I think you should seek legal advice from a lawyer.

Why haven’t you asked for the key to be returned, and/or changed the locks?

This.

I’m so sorry for your loss. You didn’t say how recently widowed, but I remember that for months after my husband died, I could not think clearly about financial matters. And I was the one who handled all of our finances. The death of your spouse is a huge, traumatic shock to your world and to your own mind, heart, and body. Don’t underestimate the impact.

If you have a stepdaughter who you seriously think would DESTROY your will, then you need ironclad protection. Suggest you consult a lawyer who specializes in wills. Tell him/her what you want to accomplish. Don’t saddle your friend with an onerous chore after your death.

Yes. If you can’t trust this woman, change your locks.

Change the locks. She could have copied the key.

Unless she has a copy of a prior will (of yours) that leaves anything to her, I’m pretty sure that wouldn’t do her any good - I don’t think stepchildren are beneficiaries if a stepparent dies intestate. Your assets would go to your own children (not an issue, I gather), your siblings, your parents, other blood relatives via some prescribed rules.

If your late husband had a will that left something to her conditionally (e.g. “my wife has use of the house until her death, then daughter gets it”) then your own will wouldn’t be able to override that.

So, stepdaughter destroying your real will wouldn’t benefit her beyond causing mischief.

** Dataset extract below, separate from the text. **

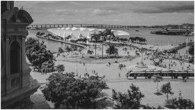 Scenic black and white photo of Plaza Maua in Rio

That said, I’d definitely keep the real will in your safety deposit box, and give a copy of it either to the friend, or to someone who would be acting as your beneficiary.

Another option is to set up a revocable living trust, naming your friend as the successor, then transfer all your assets to that trust. I don’t know how such a trust works for things like household items, jewelry etc., but for the house and financial instruments, it can basically eliminate the hassle of probate.

Your situation is just the reason why you SHOULD consult a lawyer. You should know beforehand that more that likely your will will be contested and you do not want any loopholes where an unintended (potential) benefactor might stick their grubby little hand in. Also, I would make sure your executor has a copy of the will and knows what your wishes are. By the way, your benefactor can be the executor (at least in Texas). As for telling the step-daughter, I probably would not tell her any details other than it is your friend who is the executor of your will. No point in starting the fight before you are dead.

How much life insurance are you talking about? If it’s whole life, why not cash that sucker out and live a little more before you die. If it’s a term life policy, hopefully it’s not more than enough to cover the cost of your burial, etc.

Here in Minnesota, you can file a sealed copy of your will with the County Clerk. That copy is kept safe by them, and after your death is available only to the executor of your estate. Do they have this in California?

I don’t see how a stepdaughter would have any claim. Even if the will were destroyed, she would not be an heir. That said, IANAL. I suggest you consult with one.